Однако от материалистического взгляда на мир и на природу человечеокого восприятия и мышления Н.И. Пирогов, чем дальше жил и размышлял, тем больше отходил, пока совсем не отказался от него. Он пришел к признанию «мирового ума», разумной космической силы, не зависящей от материи и управляющей мирами. «Наш же собственный ум, как бы он настроен ни был, не может не заметить присутствия мысли вне себя». «Мировой ум» сам «организует и приводит в действие атомистические силы». Этот ум, в противоположность «органическому уму», Н.И. Пирогов характеризовал как ум «без органической почвы»7.

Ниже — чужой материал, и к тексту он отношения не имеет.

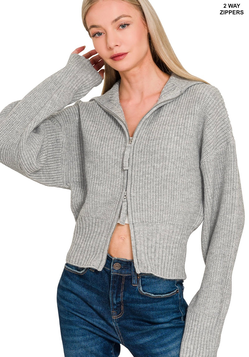 Cozy heather gray sweater with double zipper feature & collar. Both cozy and chic, this piece makes for the  perfect colder weather wardrobe staple.

Превратив «органический ум» в орган восприятия, через который проходит «комбинация или действие мировой силы», мировой мысли, являющейся продуктом ума «без органической почвы», Н.И. Пирогов приходит к признанию существования бога, к признанию предопределенности в природе и в жизни человека, важности вопросов, связанных с выяснением нравственной работы человека над подготовкой к загробной жизни.
Именно в этом направлении происходила «ломка миросозерцания» Н.И. Пирогова. Критик «Московских ведомостей», которому хотелось, чтобы А.П. Чехов изобразил эволюцию профессора Николая Степановича в сторону идеализма, никак не мог помириться с материалистическими мыслями, материалистическими убеждениями чеховского героя, откровенно признававшегося в своих «Записках», что его нисколько не занимают и не волнуют «вопросы о загробных потемках и о тех видениях, которые посетят мой могильный сон». Профессор и тогда, когда он собрался подводить «итоги» своей жизни, верит только в науку. «Вера эта, — пишет он, — быть может, наивна и несправедлива в своем основании, но я не виноват, что верю так, а не иначе; победить же в себе этой веры я не могу» (7, 236).

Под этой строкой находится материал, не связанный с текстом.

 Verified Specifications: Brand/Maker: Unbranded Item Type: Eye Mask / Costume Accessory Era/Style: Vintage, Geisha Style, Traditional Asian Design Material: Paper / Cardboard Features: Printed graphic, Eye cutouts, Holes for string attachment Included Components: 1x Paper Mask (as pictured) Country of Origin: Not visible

В свете всего оказанного нам представляется недоразумением стремление Н.К. Михайловского, а вслед за ним и других исследователей «Скучной истории»8, объявить Николая Степановича человеком 80-х годов. На каком основании? «Если читатель припомнит автобиографию Пирогова, — писал Н.К. Михайловский, — то согласится, я думаю, что отсутствие «общей идеи» отнюдь «не характерно» для таких людей, как Пирогов и его современники. Очевидно, — продолжал Н.К. Михайловский, — перед Чеховым рисовался какой-то психологический тип, который он чисто случайно и в этом смысле художественно незаконно обременил 62-мя годами и дружбой с Пироговым, Кавелиным, Некрасовым»9.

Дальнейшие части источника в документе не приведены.